Weather Summaries and Alerts: weather forecast into readable text with emphasis on hazardous phenomena.

Data-to-Text System Architecture

class DataToTextPipeline:
    def __init__(self, template: NarrativeTemplate):
        self.template = template
        self.data_analyzer = DataAnalyzer()
        self.text_generator = TextGenerator()

    def generate(self, data: dict) -> GeneratedArticle:
        # 1. Data analysis: key fact extraction
        key_facts = self.data_analyzer.extract_key_facts(data, self.template.fact_rules)

        # 2. Determine article "angle"
        angle = self.data_analyzer.determine_angle(key_facts, self.template.angle_rules)

        # 3. Generate text by narrative template
        text = self.text_generator.generate(
            facts=key_facts,
            angle=angle,
            template=self.template,
            style_guide=self.template.style_guide
        )

        # 4. Post-processing: fact checking, number formatting
        text = self.postprocess(text, data)
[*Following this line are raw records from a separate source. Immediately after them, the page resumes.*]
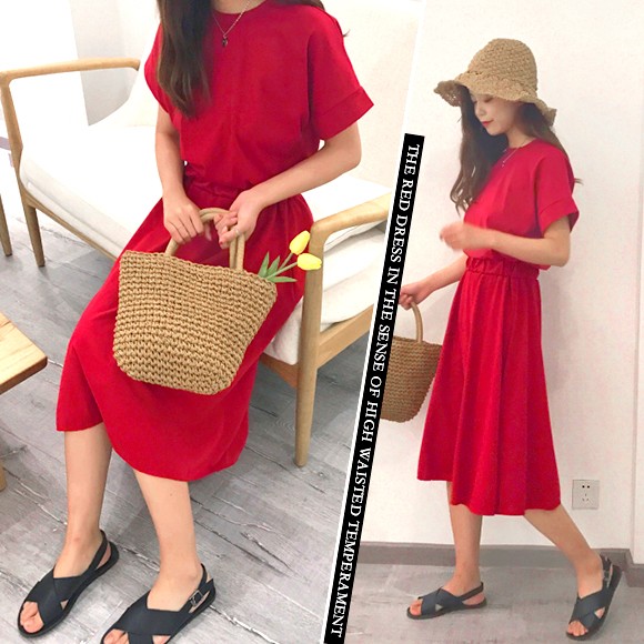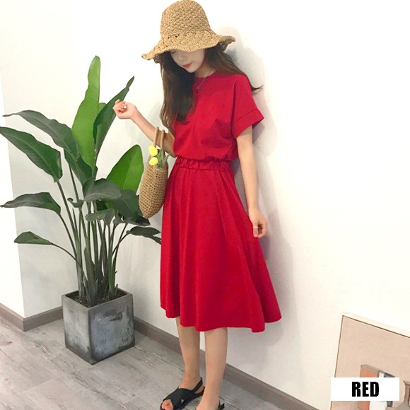 ◆商品紹介◆たっぷり広がるフレアでゆったり着られるTシャツワンピ。ひざ下丈なので、カジュアルすぎず程よいラフ感が楽しめます♪◆素材感・サイズ感◆コットンTシャツの優しい肌触りです。[素 材]綿・ポリエステル[伸 縮]なし(ウエストのギャザー部分のみあり)[透け感]なし[裏 地]なし◆モデル◆・身長161cm・フリーサイズ着用※お客様の体型や身長により写真のモデルとの着用感に多少の違いが出る場合がございます。◆サイズ◆※サイズ詳細は平置きで測った際のサイズとなっておりますので多少の誤差(約2-3cm)は予めご了承下さい。総丈:約108cm 肩幅:約19cm 袖幅:約20cm 袖丈:約25.5cm バスト:約90cm 袖口:約17cmウエスト:約60-70cm ※画像の色味はお使いのパソコンやスマートフォン等モニター環境により実際の色味とは若干異なる場合がございます。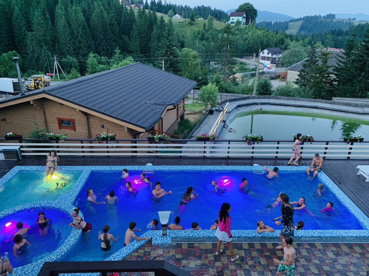 - відкритий дитячий басейн, плавальний басейн з джакузі та вібромасажем, чани;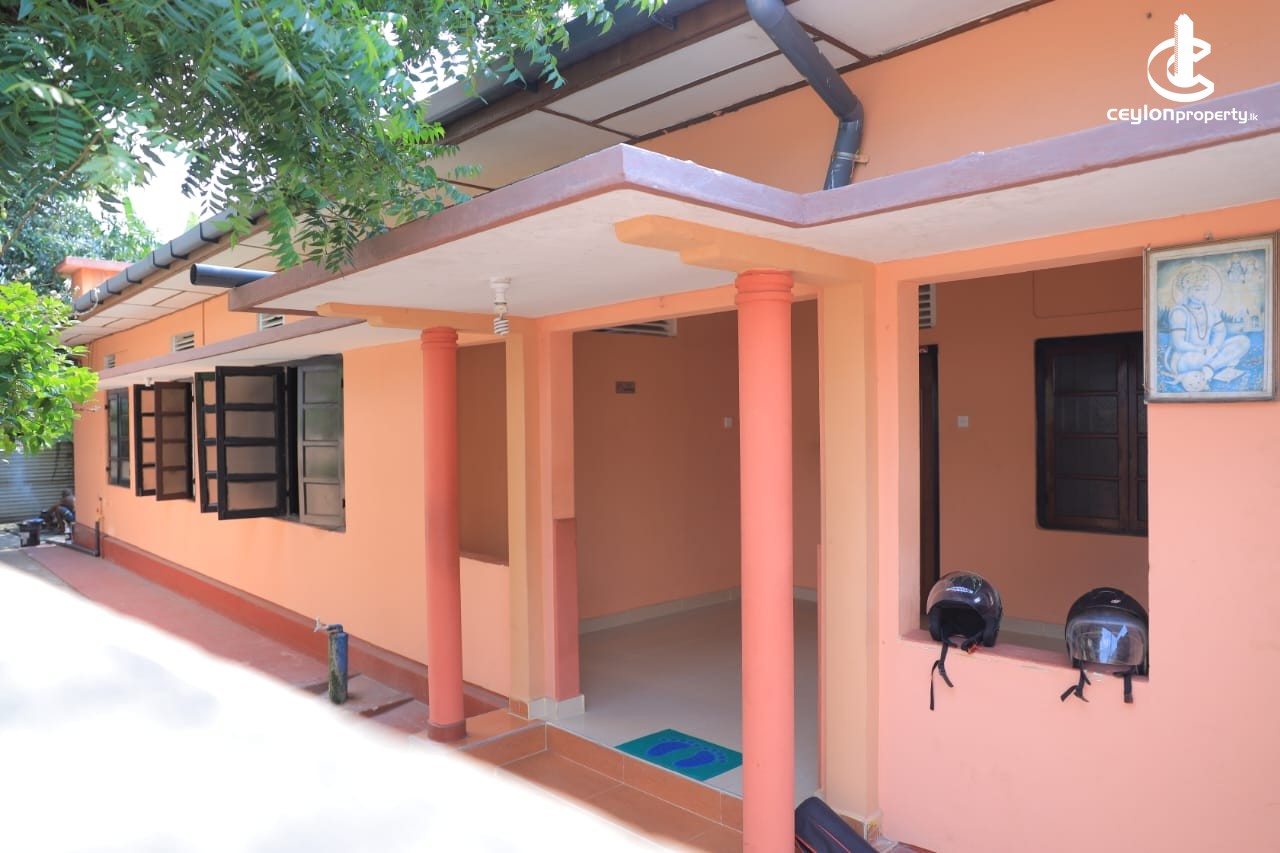 Currently running as a guest house on 3.5 parrapuland with 2 double gates, all around fenced and high walls, consist with 8 rooms with fans and one with ensure and AC, fully furnished, kitchenette, one bathroom, large sitting and dining room. Large Verranda,new out door house, 3 outdoor toilets, 2 wells one with equipped with motor and pump , shed, lots king coconut trees, bananas. Mangoes and other fruit trees and flower gardens. Asking price 12 kroes. This property is behind corner or kasthuria road and standley road in Jaffna.
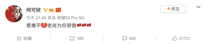 29日凌晨,肖若腾在微博中表示,“原以为我今天做不到了,但因为你!你!你!你!你...伟大的祖国!突然间就能做到原以为做不到的事儿!伤病、技术、命运、态度、这都不是事儿!我今儿就是展示,展示什么是中国运动员的意志品质!什么是勇气!什么是精神!”↓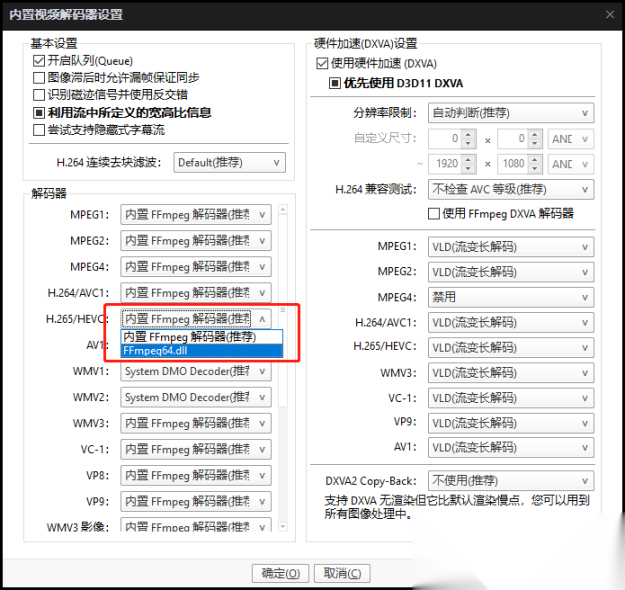 在H.265/HEVC下拉选项中,选择FFmpeg64.dll,然后确定-确定即可。

        return GeneratedArticle(
            headline=self.generate_headline(key_facts, angle),
            body=text,
            data_sources=data.get("sources", []),
            generated_at=datetime.utcnow(),
            template_version=self.template.version
        )

    def postprocess(self, text: str, data: dict) -> str:
        # Verification: every number in text must match source data
        return FactChecker(data).verify_and_fix(text)

Narrative Templates

A template defines narrative logic, not specific text. For financial reporting:

class EarningsReportTemplate(NarrativeTemplate):
    fact_rules = [
        FactRule("revenue", comparisons=["yoy", "qoq", "consensus"]),
        FactRule("net_income", comparisons=["yoy", "consensus"]),
        FactRule("eps", comparisons=["consensus", "guidance"]),
        FactRule("guidance_next_quarter", type="forward_looking"),
    ]

    angle_rules = [
        AngleRule(condition="revenue_beat > 5%", angle="strong_beat"),
        AngleRule(condition="revenue_miss > 5%", angle="disappointment"),
        AngleRule(condition="guidance_raised", angle="optimism"),
        AngleRule(condition="guidance_lowered", angle="caution"),
    ]

Variability and Anti-Boilerplate

One problem with automated journalism is text uniformity. Several techniques:

  • Synonym variation: multiple versions of each key phrase, random selection
  • Sentence structure variation: reordering of facts depending on "angle"
  • Contextual enrichment: adding context (industry trends, company history) from knowledge base
  • LLM rewriting: final pass through LLM for style variety while preserving facts

Fact Verification

Critical: every numerical claim in text must be traceable to source data. Automatic verification:

def verify_facts(article_text: str, source_data: dict) -> VerificationResult:
    # Extract all numerical claims from text
    claims = extract_numerical_claims(article_text)

    errors = []
    for claim in claims:
        # Find corresponding value in source data
        source_value = find_in_data(source_data, claim.entity, claim.metric)
        if source_value is None:
            errors.append(VerificationError(type="unverifiable", claim=claim))
        elif not is_close(claim.value, source_value, tolerance=0.01):
            errors.append(VerificationError(
                type="mismatch",
                claim=claim,
                expected=source_value
            ))

    return VerificationResult(is_valid=len(errors) == 0, errors=errors)

Metadata and Transparency

All automatically generated content is marked: "Automatically generated based on data [source]". Reader can access source data. This is AP Automation standard and media ethics requirement.

Performance

One system instance on GPU A100: ~500 stories per hour at average 300 words. For a news agency this means complete coverage of financial reporting for all exchange companies on results publication day.